Web Crawl to Infrastructure Blowout

In our last blog post, we broke apart the RiskIQ web crawlers and outlined all the content they collect when browsing the Internet. This was helpful in understanding the data, but it didn’t really provide a good example of how we use this content to link to actor infrastructure. For this post, we are going to focus in on a criminal-based threat that often targets social media services and see how we could leverage the crawlers and PassiveTotal to identify their infrastructure.

BePush/Killim/Guncelle

If you don’t recognize the names above, then chances are you haven’t had to deal with the Turkish-based actors who leverage platforms like Facebook to spread their malicious code. While they may not focus on high-value targets or perform newsworthy hacks, these actors demonstrate a keen attention to detail and technical sophistication that makes their code difficult to combat. For the sake of this example, it’s worth understanding the common tactics deployed by the group.

BePush actors generally infect their victims through some creative posting, message or photo shared on Facebook. Upon clicking, the user will typically be bounced around a number of short-link services and 3rd-party providers before hitting a final web page comprised of highly obfuscated javascript. This javascript may entice the user to install a Chrome extension or in this case, will prompt the user to run a JSE file.

Once ran, this script will use ActiveX in order to write both an older version of Chrome (Version 31.0.1650.63 m) and a rogue extension to the file system before redirecting the user back to Facebook. The extension will hijack the user’s Facebook access tokens and use them in order to make posts, send messages and share photos on their behalf, all with the goal of spreading the same cycle to as many users as possible.

Web Crawling Bepush

A couple weeks ago, RiskIQ observed a blacklist incident based on the domain notswart[.]xyz which led our crawlers through a number of different providers before landing on a Dropbox page. At the time, we didn’t know if this were malicious or what actor it might related to, so the first place to check was the cause chain.

Viewing this chain gave us a pretty good idea that something strange was going on. The crawler was bounced through a couple short links from Bitly and Google, landed on a random AWS page, was tagged with a tracking code from whos.amung.us and made its way eventually through some registered domains down to the final Dropbox landing. As an analyst, a few things stuck out here as important:

  • Several providers and redirection sequences made it clear that the actor wanted to obfuscate their traffic to make it difficult to follow
  • Two unique domains showed up outside of the 3rd-party services and shared the same netblock allocation
  • Tracking pixels were used as a way to potentially track victims or keep tabs on the campaign

Unfortunately, by the time we reached this particular crawl, some of the infrastructure had been taken down or disabled. However, the RiskIQ web crawler saved a copy of each of the results as it crawled the links. Taking a look at the Amazon page content and DOM changes gave us some additional context into the first set of redirections.

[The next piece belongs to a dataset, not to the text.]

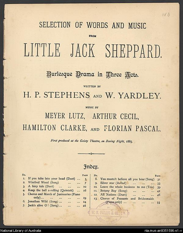 1886 cover of sheet music from Little Jack Sheppard.

It’s clear to see here that the actors were abusing the jQuery name in order to redirect the crawler to a PHP script they controlled on their server. Inspecting that page a bit more revealed a significant amount of obfuscated Javascript.

At this point in my analysis, I would normally need to decode the Javascript of the actors in order to figure out what happened. Fortunately, I could again leverage the DOM changes and cause chain captured by RiskIQ in order to figure out what was going on inside the page at the time of the crawl. In this case, whos.amung.us was loaded via Javascript and was further redirected to the secondary registered domain by setting the location variable. Following the crawl to the final destination leads us to the JSE payload that would install the malicious Chrome Extension.

Investigating in PassiveTotal

Using the crawl data from RiskIQ, we were able to start with an unknown blacklist event and build out a larger picture of the attack. In total, we were able to collect two domains, two IP addresses and a tracking code. Using PassiveTotal, we decided to investigate the actor infrastructure further to see if there was anything else worth blocking.

notswart.xyz

Querying for the first domain didn't reveal much in the order of passive DNS, but both WHOIS and host pairs showed promising leads.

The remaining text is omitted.